Walking the Labyrinth
By Lisa Goldstein
Tor Books, $21.95
ISBN 0312861753
Review by Larry Woods
If you enjoy Carlos Castaneda's magic realism or Roger Zelazny's Amber series, then you will stay up late reading Lisa Goldstein's Walking the Labyrinth. Molly Travers learns from John Stow, a private detective, that her great-aunt Fentrice Allalie (who raised her when Molly was orphaned), her aunt Thorne (who long ago seemed to disappear), and her uncle Callan and uncle Corrig are either magicians or wizards or at a minimum very successful illusionists. Just ask Andrew Dodd, a reporter for the Oakland Tribune who interviewed the Allalie family 60 years ago and had his life changed forever.
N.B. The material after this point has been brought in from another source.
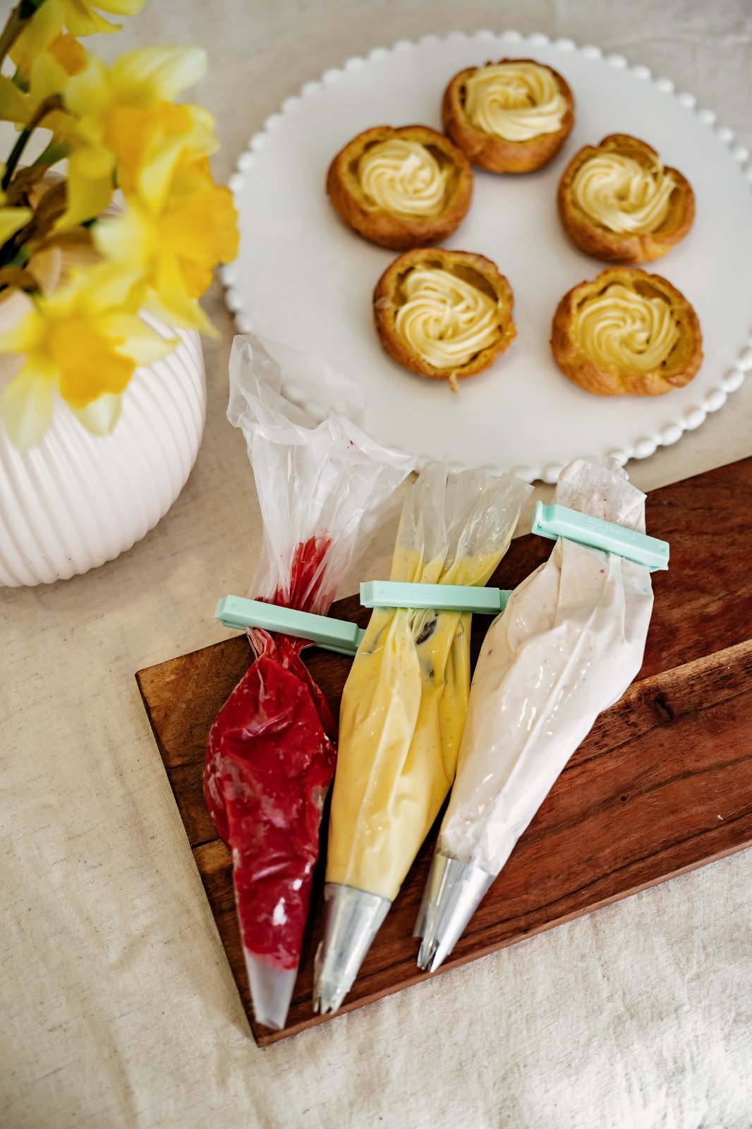 A ide sa skladať a plniť. Najprv si vrchy veterníkov namočíme v čokoláde. Môžete roztopiť čistú čokoládu, ja pridávam aj smotanu na šľahanie a robím ganache. Táto jarná limitka s ovocím je dokonalá a ako stvorená na tieto veterníky. Všetky krémy si dáme do zdobiaceho vrecka. Ja po naplnení vrecká zacvaknem touto svorkou, aby mi krém nevytekal.

Or ask Molly's other relatives Lord Harrison Sanderson, Master of the Order of the Labyrinth, or Lady Dorothy Westingate, both believers in the seances and spiritualism of the late 1800s in England.
The mystery here is the disappearance of Lady Westingate in England almost 100 years ago, the similar disappearance of Thorne in this country, and whether Molly will learn anything through her examination of the lives of this strange family with awesome powers of mind control and illusion. This is a fabulous novel about an orphaned girl who searches Victorian England and modern-day California for clues to her own identity.
Larry D. Woods, an attorney, is an avid reader of science fiction.